We wrapped it up, and I went back to my room, waiting for Daria to initiate something. She didn’t. When it became clear that she extended the cold war with her family to me, I shot her the unreturned message.

Talk is code for meeting in the basement. We can’t risk it in case her parents decide to go through her texts.

Tired of sitting idly like some desperate loser, I kick my door open. It’s past one thirty, and she may be asleep, but I’ll take my chances.

I knock on her door. No answer.

I push it open. She is lying facedown on her bed with her blankets still tucked under the mattress. It’s something the cleaners in this house do every day like it’s a hotel. She reminds me of Via laying in the yellow grass the day Daria and I got rid of the letter.

Lights out. No one’s home. Hopeless.

I think of ways to make her laugh. Of saying that her ass looks great from this angle (it does). Or maybe to tell her that it gets better (it doesn’t).

Stopping over her bed, I splay my fingers on the small of her back and press. Hard. Sinking her into her plush mattress until she is drowning in satin fabric.

She groans. “Go away.”

“And miss out on all this delicious teenage angst?” I murmur, mesmerized by how beautifully she fits under my palm. As though she was born to have my hands on her. “It’s practically Netflix for free.”

“I don’t want to tell you anything.”

“You don’t have a lot of options.”

“I have friends,” she shoots.

“No. You don’t,” I say softly. “You have people you hang out with, and you’ll never give them a truth. Not even a half-truth. Not even a fucking quarter. Now look at me.”

She rolls to her back, and I suck in a breath. She’s crying. She’s been crying for hours probably. Her entire face is wet and swollen. I cup her head and pull her into me, sinking into her bed and cradling her. The door is open. The Followhills can wake up and walk in here at any moment. I hope they do. They need a wake-up call. A whole goddamn siren, more like.

“Talk.”

“No.” She laughs for the first time since I met her, wiping her tears quickly, only to make room for new ones. “I’m always the one who talks. You’re the one who listens. I don’t even know who I am talking to. Your walls are still up, but mine have been lowered enough for me to see that this relationship is one-sided.”

She’s right. I want to be her Trojan horse. To slip through her barriers undetected. But I never give her any part of me. I’m always the one to take.

“Pretend that I’m your friend.”

“I don’t have any friends, remember?”

“Sucks to be you.” There’s no menace in my voice. She shrugs.

“So why are you here?”

“Because it sucks to be me, too.”

Because it sucks less when we’re together even though I should hate you.

I pull her into my embrace, and she pushes back. That only makes me hold her tighter, and she stands no chance. A cheerleader against a wide receiver? You don’t need a PhD in physiology to guess who wins.

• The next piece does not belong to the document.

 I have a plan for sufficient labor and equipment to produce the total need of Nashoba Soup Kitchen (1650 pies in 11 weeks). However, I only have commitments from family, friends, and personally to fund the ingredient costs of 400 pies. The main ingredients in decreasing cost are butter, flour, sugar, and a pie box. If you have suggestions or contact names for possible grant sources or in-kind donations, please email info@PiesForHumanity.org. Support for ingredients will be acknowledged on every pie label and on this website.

“Say it,” I growl into her ear. “Your family is bullshit right now. Your mom’s all up your sister’s ass, and your dad is torn. Make it real. Because the minute it gets real, you have to deal with it.”

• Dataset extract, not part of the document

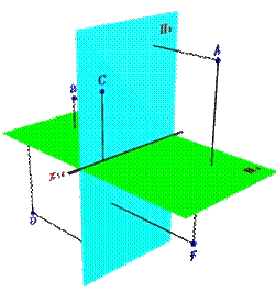 По эпюру измеряем расстояния до проекций точки D, получаем D(87, -80, -70) – точка D расположена в третьей четверти.

I speak fluent Dr. Phil because the only thing the woman who gave birth to me did for the past six years was lie on the couch watching his show and judging other people while getting high.

Shying away from your problems only makes them multiply. Kinda like cancer. Left to its own devices, it will spread to other organs in your body.

Daria is thrashing in my arms, desperate to push me away, her soft crying turning into heart-wrenching sobs. She is shaking against my chest, but her lips stay pursed.

She doesn’t want to admit to the hood rat that life in the golden castle ain’t perfect.